Two streets over from our well-loved condo was one of the swankiest resorts in the area, the Hotel Goan Heritage. Pricey by even western standards, it was where the wealthy westerners, businessmen, bureaucrats, and elite would stay when in Goa. With several swimming pools to choose from, open to the public for a small fee, it made for a nice getaway and a chance for us to feel wealthy, if only for a moment. The restaurant served authentic European cuisine, a fact which was not lost on us or our children, who by this time were getting quite tired of Indian food.

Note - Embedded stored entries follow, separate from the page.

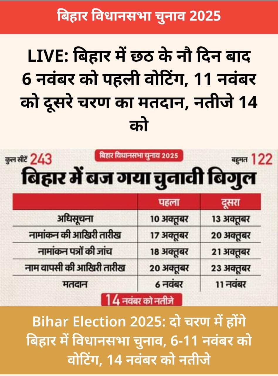 बिहार में 6 और 11 नवंबर को वोटिंग… 14 को आएंगे नतीजे, देखें ‌
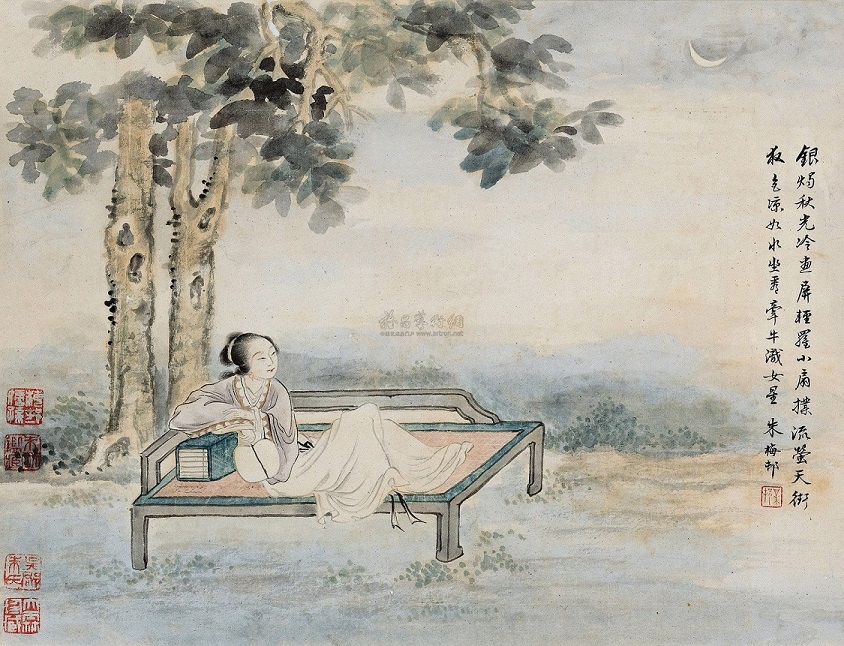燭秋光冷畫屏,輕羅小扇撲
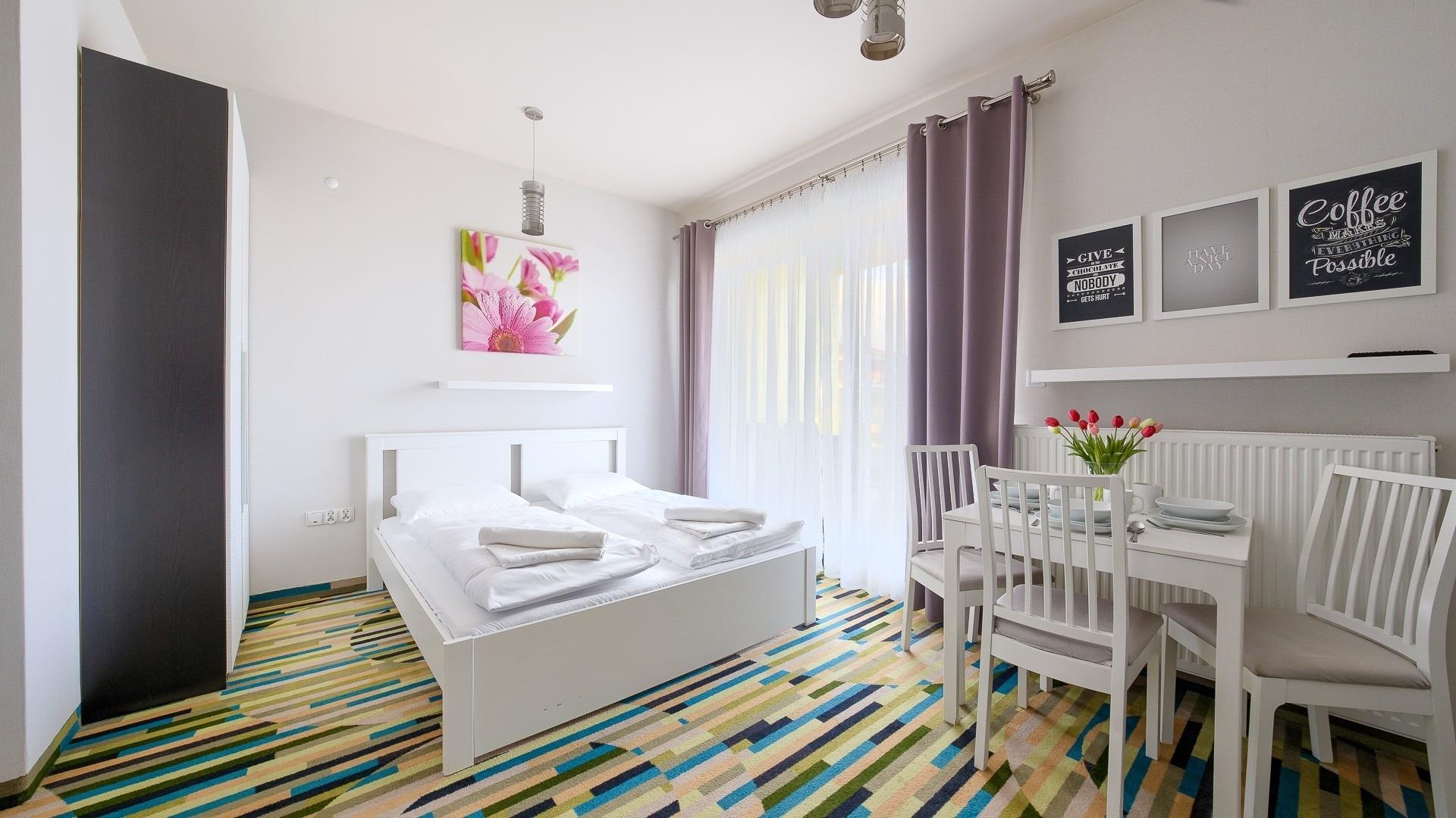 Wir bieten Ihnen moderne und geräumige Apartments im neu erbauten Gebäude, in unmittelbarer Nähe der Promenade, direkt am wunderschönen Sandstrand. Die Fenster einiger Apartments sind zum Meer ausgerichtet. Jedes Apartment verfügt über eine große Terrasse. Die Lage ist besonders für Gäste zu empfehlen, die Komfort suchen. Parkplätze stehen gegen Aufpreis zur Verfügung. Auf dem Außengelände sind Fahrradständer für die Gäste vorhanden.

Among the services they offered were a salon and a haircutter. I had been toying with the idea of getting my locks trimmed before returning to the conservative folds of Southern Ontario, to seem a little more respectable and to perhaps blend in a bit better. By now my hair was well past my shoulders, as it had been more than a year since any sort of a trim. I enquired at the salon reception, and on a whim, decided to get my mane significantly lessened. The ladies working the counter informed me that it would be just a few moments until they summoned the male barber. I dawned on me that strict cultural taboos still held sway here, and that according to custom, it was inappropriate for a woman to cut my hair.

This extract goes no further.